Arriving at Boston’s Logan airport on a warm, humid Friday morning in July, my dear friend Joyce picked me up. As we drove to her house, I breathed in the familiar early summer smells of New England — wilted lilacs and fresh cut grass. I paused. I’m home. It’s where my shattered heart beats peaceably; the “better place” all the well-wishers who eschew grief speak about.

Driving along Storrow Drive, we pass Massachusetts General Hospital, where David worked for 37 years as a physician, directing the pediatric intensive care units. Looking at the boats moving on the Charles River, I recall the summer that Hillel was 11 years old and sailed on this very river in a community boating program. David was still alive. I hear Hillel. “Mama, it’s so much fun; sailing makes me feel alive and so good!” he exclaimed. He made new friends that summer, from England, and sailed with them. Hillel excelled at sailing. It soothed his anxiety. 

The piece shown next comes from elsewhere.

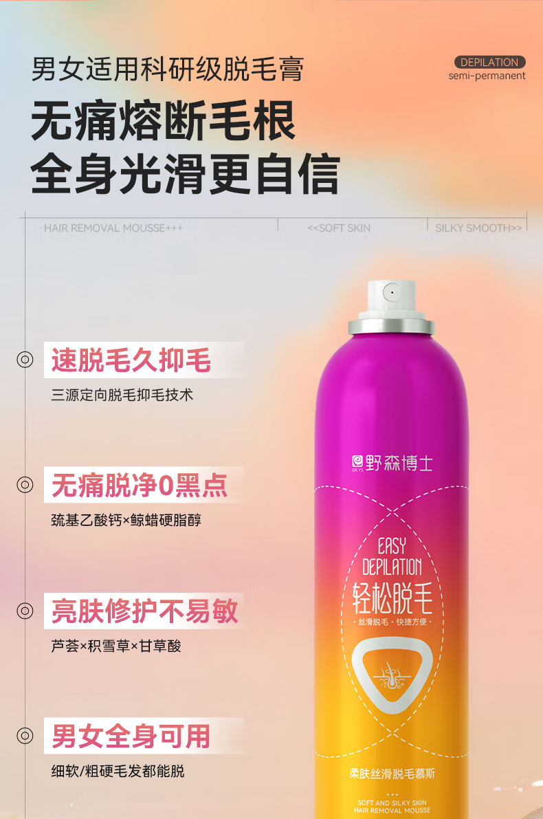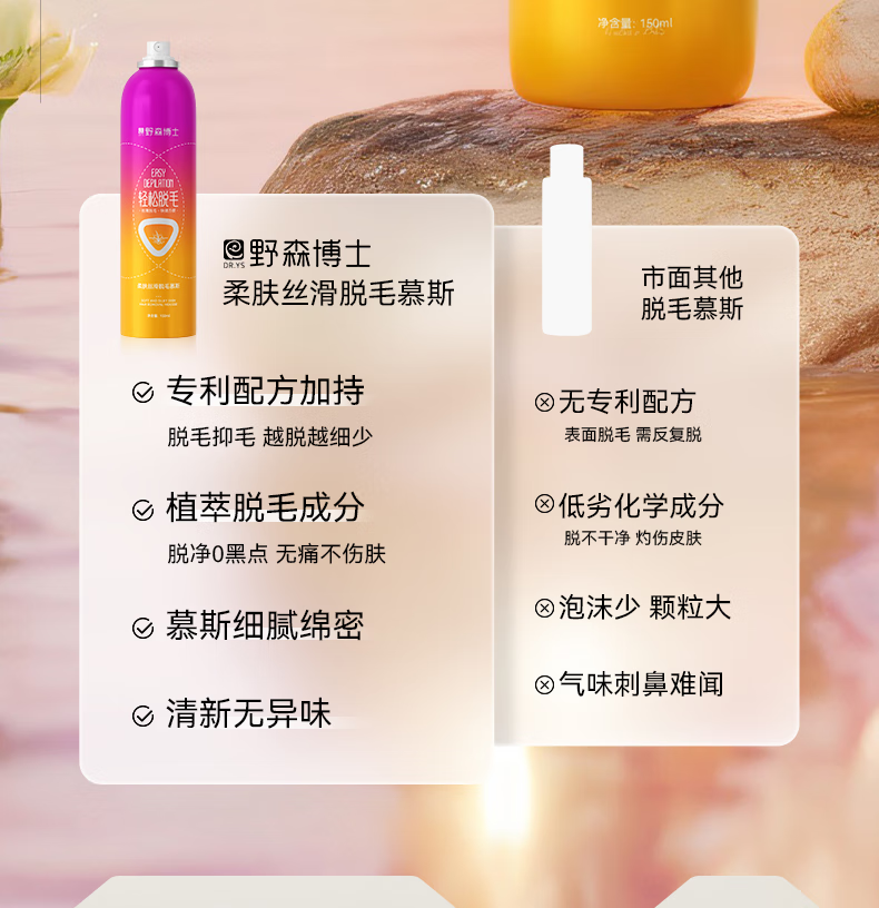 DR. YS 野森博士柔肤丝滑脱毛慕斯脱腋毛腿毛手毛全身可用温和不刺激轻松脱毛/瓶A 野森博士柔肤丝滑脱毛慕斯*1瓶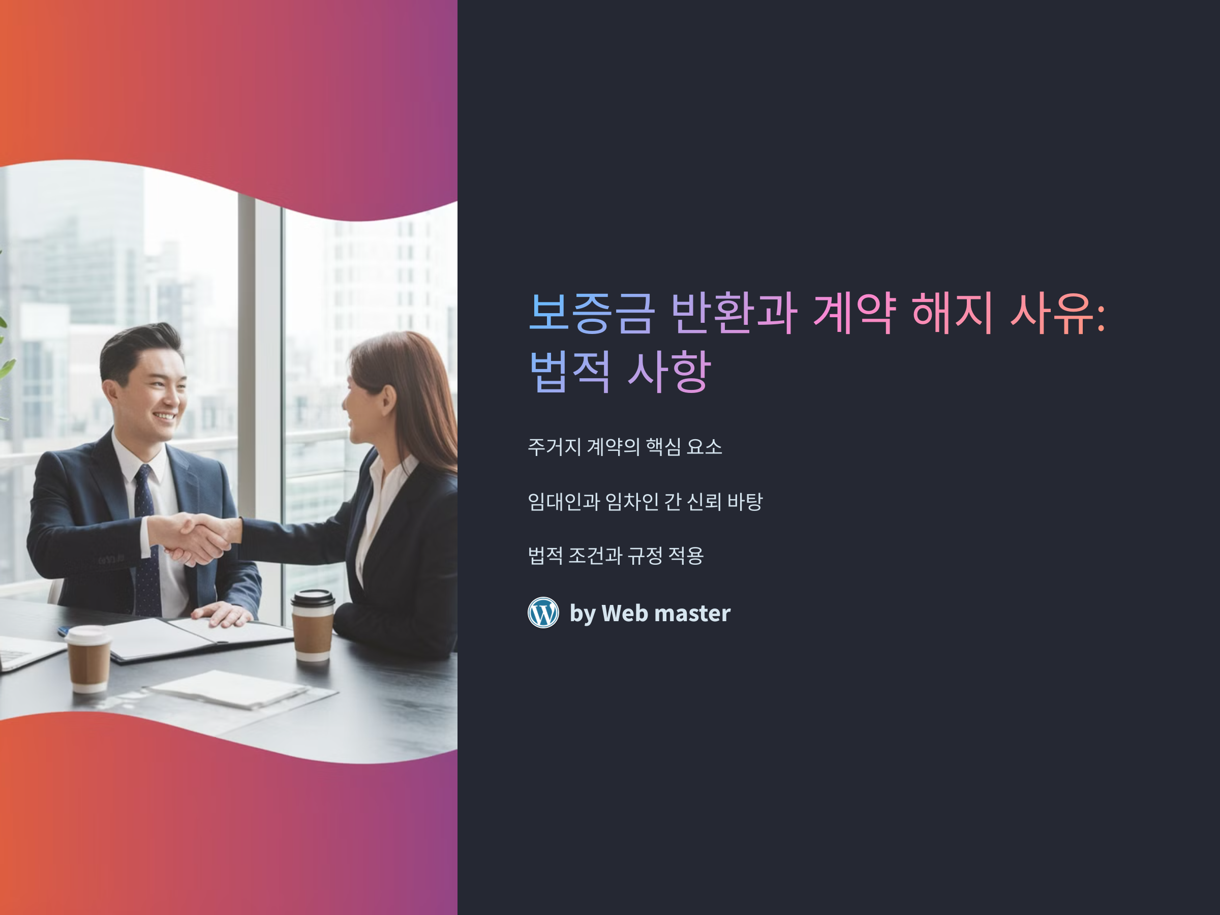 보증금 반환과 계약 해지 사유는 주거지 계약에서 가장 중요한 부분 중 하나입니다. 계약을 체결할 때, 보증금은 임대인과 임차인 간의 신뢰를 바탕으로 설정되는 중요한 금액입니다. 그러나 계약 종료 시 보증금을 반환받는 것은 간단하지 않을 수 있으며, 다양한 법적 조건과 규정이 적용됩니다. 이 글에서는 보증금 반환 절차와 계약 해지 사유에 대해 명확히 이해할 수 있도록 도와드리겠습니다.

Now I stare out of the large windows of my condo in Florida — my sadness softened momentarily by the calming view of the clear, turquoise waves gently folding onto the sand. In the kitchen, I stir down the sponge of the challah — a mixture bubbling with yeast, water, sugar and flour. Then I add the oil, salt and flour, deliberately. One cup at a time. When it becomes difficult to stir, I turn the dough onto a floured surface and knead. The rhythmic motion lulls me into a trance and I see Hillel ripping apart a warm just-baked loaf of the bread. 

I brush an egg wash over the three strands before putting it into the oven. As the challah bakes, I feel that David and Hillel are close to me. I hear their whispering, loving voices. For tonight, my condo is my home.